• **HOW TO COMPLETE THIS TASK**: Return only the lines of the data below from the line with "피아트 124의 인기는" up to and including the line with "Jangan lewatkan kesempatan", exactly as written, with the pictures omitted.
Top of DATA UNDER STUDY
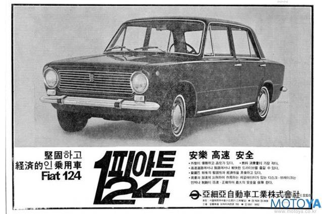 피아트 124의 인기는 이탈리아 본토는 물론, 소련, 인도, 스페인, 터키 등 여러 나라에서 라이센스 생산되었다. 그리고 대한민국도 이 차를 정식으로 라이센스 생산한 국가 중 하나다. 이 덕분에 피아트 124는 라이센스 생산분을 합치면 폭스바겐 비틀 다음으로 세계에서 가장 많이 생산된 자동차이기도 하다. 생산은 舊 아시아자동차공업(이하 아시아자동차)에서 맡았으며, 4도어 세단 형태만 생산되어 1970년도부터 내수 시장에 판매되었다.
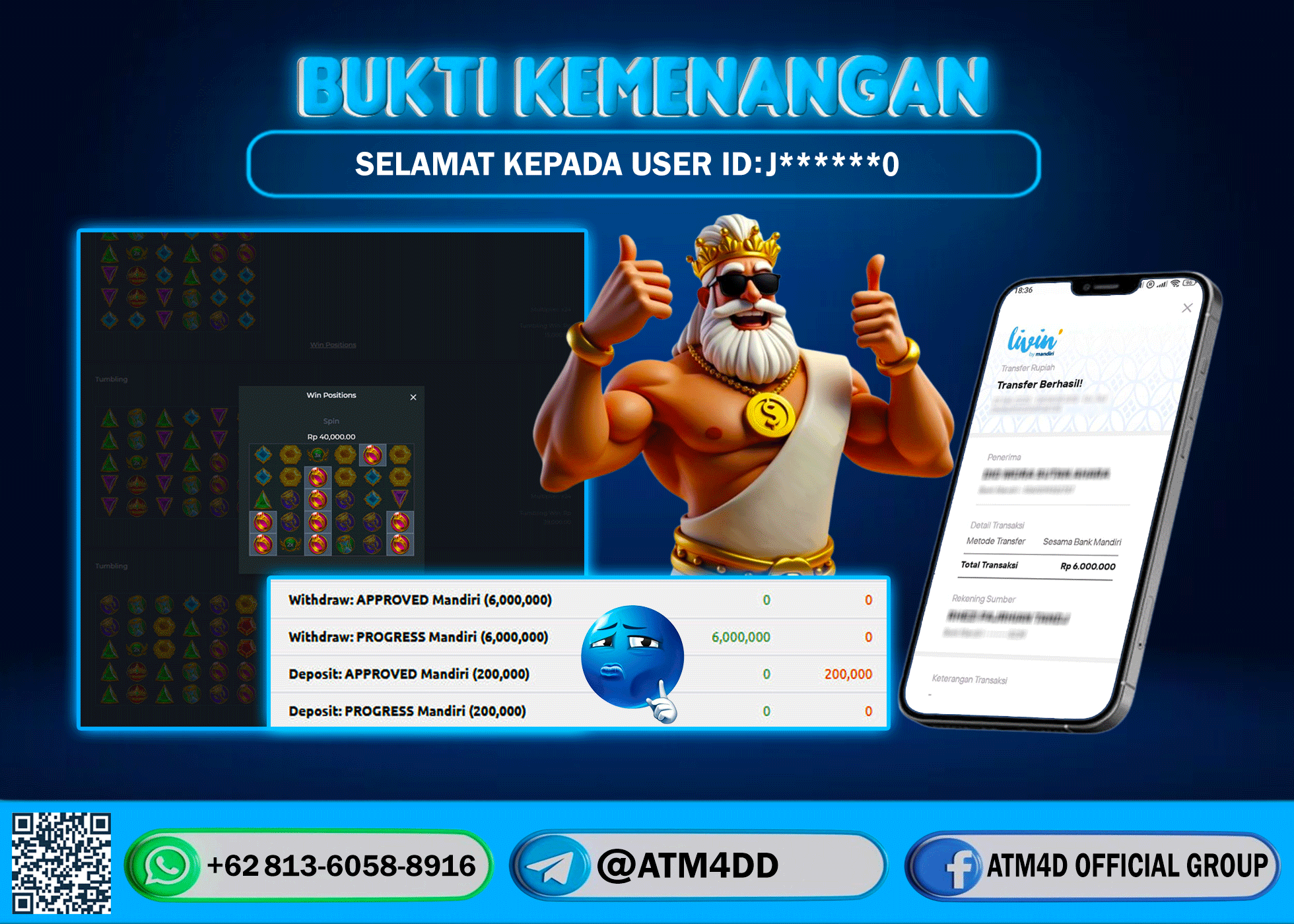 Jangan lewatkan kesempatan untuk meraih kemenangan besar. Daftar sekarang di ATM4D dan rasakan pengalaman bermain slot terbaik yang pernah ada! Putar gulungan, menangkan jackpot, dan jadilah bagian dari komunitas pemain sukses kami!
Bottom of DATA UNDER STUDY
Top of DATA UNDER STUDY
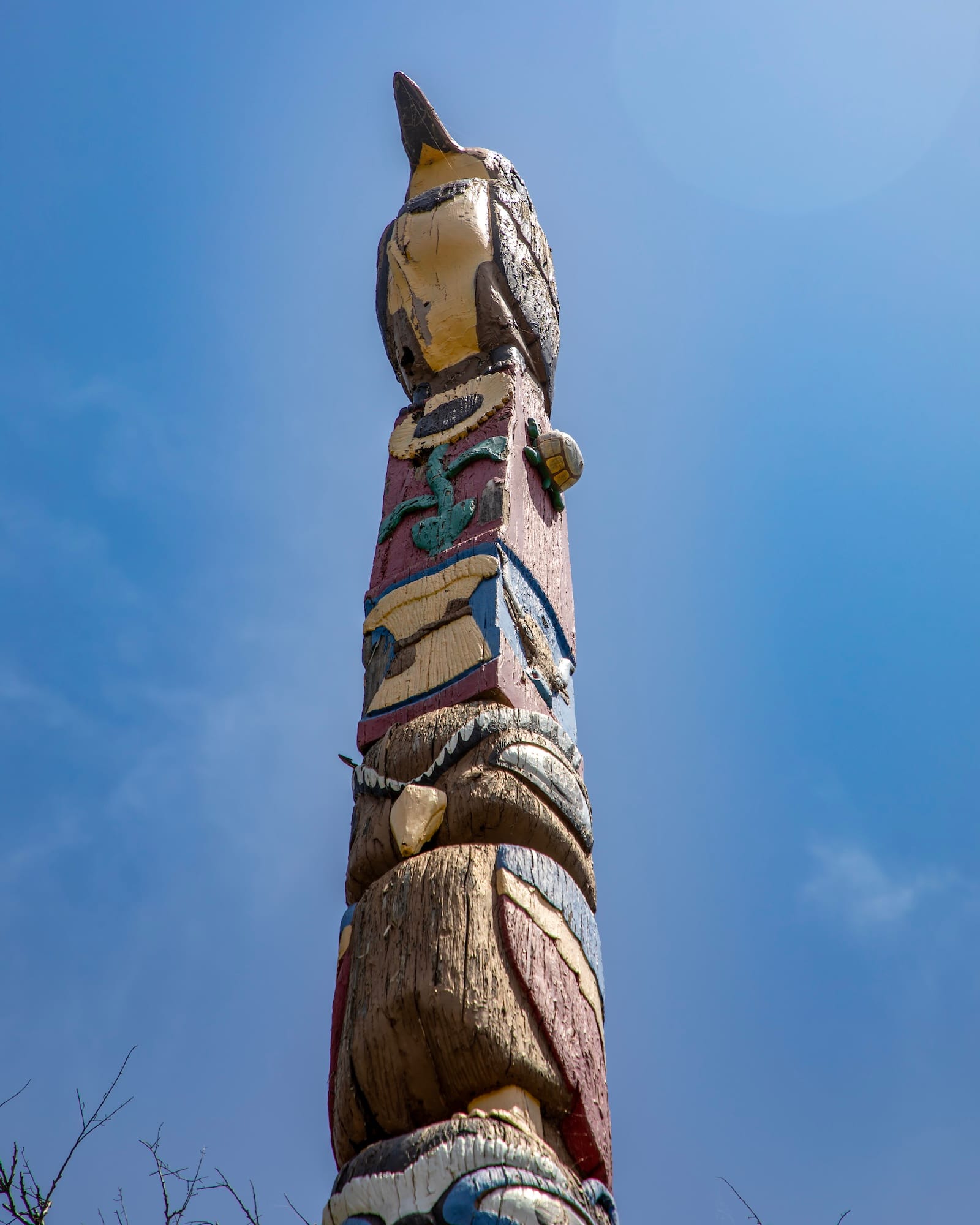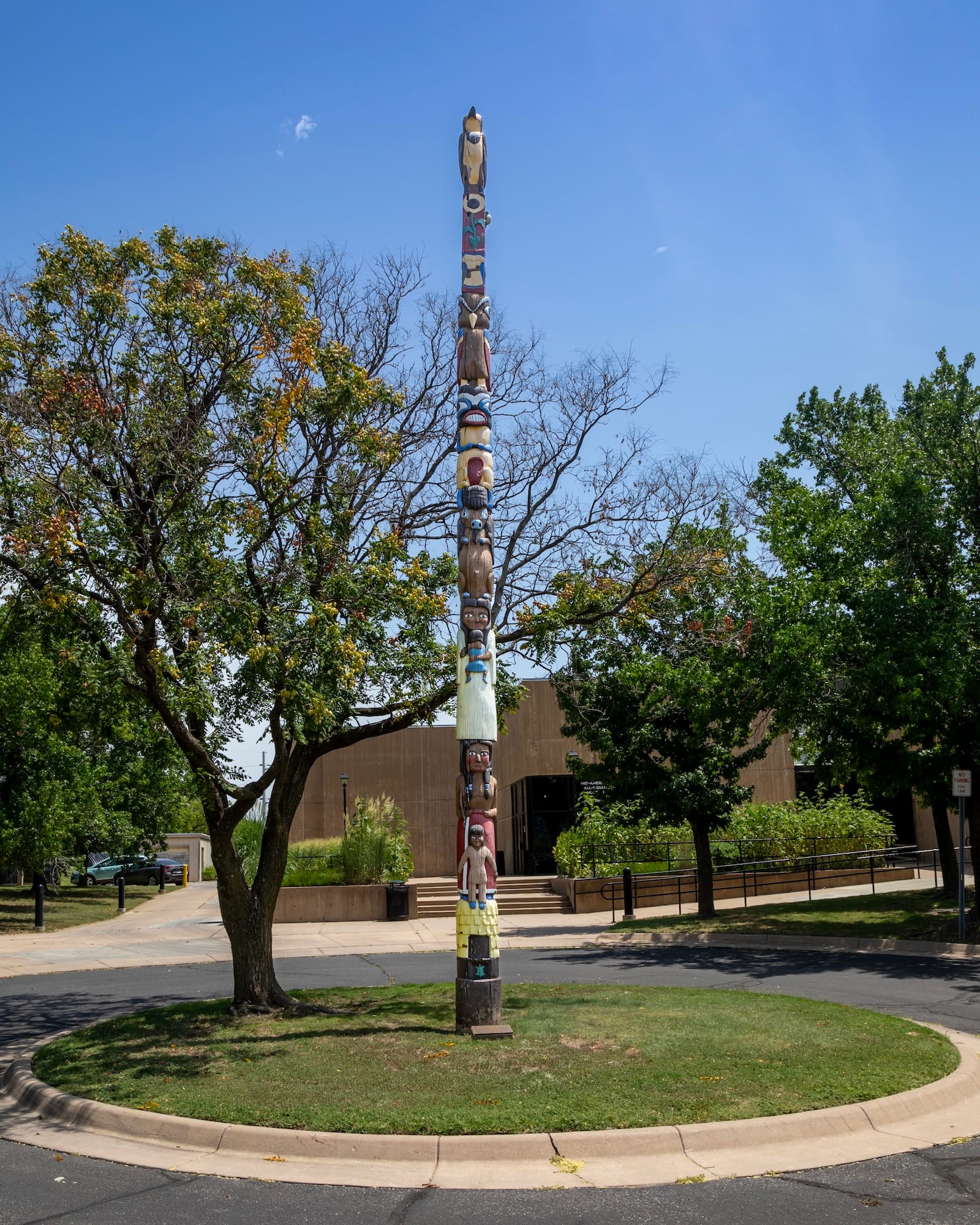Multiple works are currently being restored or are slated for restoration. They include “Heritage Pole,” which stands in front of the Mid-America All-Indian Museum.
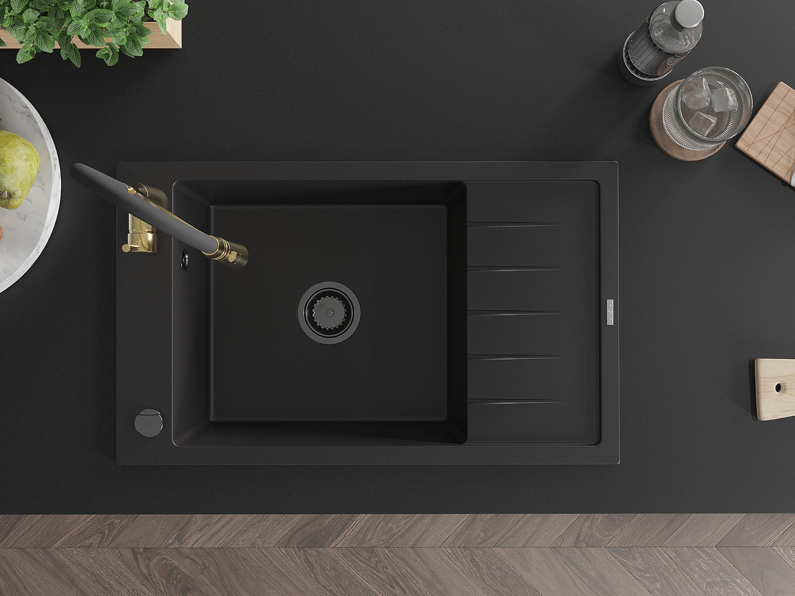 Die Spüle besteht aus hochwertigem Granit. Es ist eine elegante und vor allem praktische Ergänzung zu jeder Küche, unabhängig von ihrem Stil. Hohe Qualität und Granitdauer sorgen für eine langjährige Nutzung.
Bottom of DATA UNDER STUDY
• **FINISHED TASK**:
 피아트 124의 인기는 이탈리아 본토는 물론, 소련, 인도, 스페인, 터키 등 여러 나라에서 라이센스 생산되었다. 그리고 대한민국도 이 차를 정식으로 라이센스 생산한 국가 중 하나다. 이 덕분에 피아트 124는 라이센스 생산분을 합치면 폭스바겐 비틀 다음으로 세계에서 가장 많이 생산된 자동차이기도 하다. 생산은 舊 아시아자동차공업(이하 아시아자동차)에서 맡았으며, 4도어 세단 형태만 생산되어 1970년도부터 내수 시장에 판매되었다.
 Jangan lewatkan kesempatan untuk meraih kemenangan besar. Daftar sekarang di ATM4D dan rasakan pengalaman bermain slot terbaik yang pernah ada! Putar gulungan, menangkan jackpot, dan jadilah bagian dari komunitas pemain sukses kami!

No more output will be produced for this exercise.